I'm leaning python pandas and playing with some example data. I have a CSV file of a dataset with net worth by percentile of US population by quarter of year. I've successfully subseted the data by percentile to create three scatter plots of net worth by year, one plot for each of three population sections. However, I'm trying to combine those three plots to one data frame so I can combine the lines on a single plot figure.
Data here: https://www.federalreserve.gov/releases/z1/dataviz/download/dfa-income-levels.csv
Code thus far:
import pandas as pd
import matplotlib.pyplot as plt
# importing numpy as np
import numpy as np
df = pd.read_csv("dfa-income-levels.csv")

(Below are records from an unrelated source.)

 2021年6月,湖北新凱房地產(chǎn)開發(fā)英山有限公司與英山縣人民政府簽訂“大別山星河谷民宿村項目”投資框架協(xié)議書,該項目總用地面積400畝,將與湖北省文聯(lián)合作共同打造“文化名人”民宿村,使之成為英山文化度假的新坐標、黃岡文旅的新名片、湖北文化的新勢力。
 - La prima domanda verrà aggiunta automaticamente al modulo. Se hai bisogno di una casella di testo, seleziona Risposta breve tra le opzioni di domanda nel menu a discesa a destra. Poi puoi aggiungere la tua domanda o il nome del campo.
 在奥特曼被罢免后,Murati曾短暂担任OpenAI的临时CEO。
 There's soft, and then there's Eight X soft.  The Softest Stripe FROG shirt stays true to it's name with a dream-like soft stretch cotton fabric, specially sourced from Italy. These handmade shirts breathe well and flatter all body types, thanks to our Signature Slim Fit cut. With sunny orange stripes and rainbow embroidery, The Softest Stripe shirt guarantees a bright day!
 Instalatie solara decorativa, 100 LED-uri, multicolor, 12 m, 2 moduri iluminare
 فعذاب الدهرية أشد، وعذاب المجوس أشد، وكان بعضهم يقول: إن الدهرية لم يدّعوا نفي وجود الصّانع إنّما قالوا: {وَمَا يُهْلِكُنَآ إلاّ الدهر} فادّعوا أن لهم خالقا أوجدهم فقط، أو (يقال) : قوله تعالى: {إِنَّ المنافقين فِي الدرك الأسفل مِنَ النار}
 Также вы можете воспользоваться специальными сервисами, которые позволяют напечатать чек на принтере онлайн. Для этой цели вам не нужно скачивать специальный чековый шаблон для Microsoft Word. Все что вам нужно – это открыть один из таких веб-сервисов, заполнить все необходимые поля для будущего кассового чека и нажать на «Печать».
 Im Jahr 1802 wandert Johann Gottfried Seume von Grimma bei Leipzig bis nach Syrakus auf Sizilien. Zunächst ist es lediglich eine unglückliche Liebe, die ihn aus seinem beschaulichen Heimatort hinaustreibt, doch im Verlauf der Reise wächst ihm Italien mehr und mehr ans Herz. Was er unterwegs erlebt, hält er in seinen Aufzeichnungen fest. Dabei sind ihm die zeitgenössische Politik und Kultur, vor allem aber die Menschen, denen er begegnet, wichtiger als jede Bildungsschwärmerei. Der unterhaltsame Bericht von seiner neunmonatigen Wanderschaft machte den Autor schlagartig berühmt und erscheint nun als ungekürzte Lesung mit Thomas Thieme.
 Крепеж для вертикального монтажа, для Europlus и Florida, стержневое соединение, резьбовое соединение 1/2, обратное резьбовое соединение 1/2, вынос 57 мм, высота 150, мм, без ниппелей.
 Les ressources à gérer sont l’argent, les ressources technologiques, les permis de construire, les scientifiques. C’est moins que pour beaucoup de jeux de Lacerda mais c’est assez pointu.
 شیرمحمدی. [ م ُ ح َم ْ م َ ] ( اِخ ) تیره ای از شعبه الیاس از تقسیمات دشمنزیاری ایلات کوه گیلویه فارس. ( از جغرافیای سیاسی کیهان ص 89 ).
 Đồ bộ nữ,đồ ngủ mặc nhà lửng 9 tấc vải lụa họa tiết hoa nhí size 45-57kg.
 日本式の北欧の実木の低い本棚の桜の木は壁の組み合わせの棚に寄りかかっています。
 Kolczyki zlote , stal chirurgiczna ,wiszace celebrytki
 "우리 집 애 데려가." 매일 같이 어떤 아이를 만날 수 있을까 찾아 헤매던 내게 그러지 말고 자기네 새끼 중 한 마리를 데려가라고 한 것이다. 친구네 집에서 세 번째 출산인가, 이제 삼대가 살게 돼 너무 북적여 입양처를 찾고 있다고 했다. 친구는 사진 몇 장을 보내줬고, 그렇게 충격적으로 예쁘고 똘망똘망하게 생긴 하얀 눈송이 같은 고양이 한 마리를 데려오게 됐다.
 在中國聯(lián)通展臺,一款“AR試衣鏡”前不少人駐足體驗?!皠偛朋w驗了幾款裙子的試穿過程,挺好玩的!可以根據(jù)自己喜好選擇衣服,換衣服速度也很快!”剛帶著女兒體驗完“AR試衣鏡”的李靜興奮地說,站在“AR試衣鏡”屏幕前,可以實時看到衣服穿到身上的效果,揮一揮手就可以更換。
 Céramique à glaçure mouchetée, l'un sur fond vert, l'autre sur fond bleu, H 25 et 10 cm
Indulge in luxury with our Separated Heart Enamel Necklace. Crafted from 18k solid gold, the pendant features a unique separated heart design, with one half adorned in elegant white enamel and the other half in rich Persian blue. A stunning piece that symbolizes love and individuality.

df99th = df.loc[df['Category']=="pct99to100"]
df99th.plot(x='Date',y='Net worth', title='Net worth by percentile')
dfmid = df.loc[df['Category']=="pct40to60"]
dfmid.plot(x='Date',y='Net worth')
dflow = df.loc[df['Category']=="pct00to20"]
dflow.plot(x='Date',y='Net worth')
data = dflow['Net worth'], dfmid['Net worth'], df99th['Net worth']
headers = ['low', 'mid', '99th']
newdf = pd.concat(data, axis=1, keys=headers)
And that yields a dataframe shown below, which is not what I want for plotting the data.
low mid 99th
0 NaN NaN 3514469.0
3 NaN 2503918.0 NaN
5 585550.0 NaN NaN
6 NaN NaN 3602196.0
9 NaN 2518238.0 NaN
... ... ... ...
747 NaN 8610343.0 NaN
749 3486198.0 NaN NaN
750 NaN NaN 32011671.0
753 NaN 8952933.0 NaN
755 3540306.0 NaN NaN
Any recommendations for other ways to approach this?